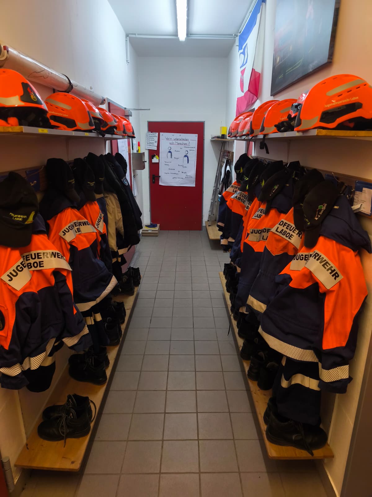 Derzeit werden private Kleidungsstücke unter der Schutzbekleidung gelagert, Mützen liegen unter den Helmen, und die Ausrüstung kann dadurch nicht richtig auslüften. Das führt zu Unordnung und erschwert die richtige Aufbewahrung.
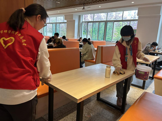 為營造食堂文明舒適的就餐環境、倡導節約用餐的優良行為,2024年4月2日,經濟與管理學院青年志愿者們前往一期食堂展開志愿服務活動。
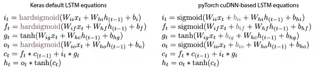 该模型是使用针对LSTM的回归内核的Theano/Keras默认激活函数hard sigmoid训练的,而pyTorch是基于NVIDIA的cuDNN库建模的,这样,可获得原生支持LSTM的GPU加速与标准的sigmoid回归激活函数:

------

AIM OF THE TASK: Word for word, return the material, omitting the pictures.

EXERCISE SOLUTION:
 Derzeit werden private Kleidungsstücke unter der Schutzbekleidung gelagert, Mützen liegen unter den Helmen, und die Ausrüstung kann dadurch nicht richtig auslüften. Das führt zu Unordnung und erschwert die richtige Aufbewahrung.
 為營造食堂文明舒適的就餐環境、倡導節約用餐的優良行為,2024年4月2日,經濟與管理學院青年志愿者們前往一期食堂展開志愿服務活動。
 该模型是使用针对LSTM的回归内核的Theano/Keras默认激活函数hard sigmoid训练的,而pyTorch是基于NVIDIA的cuDNN库建模的,这样,可获得原生支持LSTM的GPU加速与标准的sigmoid回归激活函数:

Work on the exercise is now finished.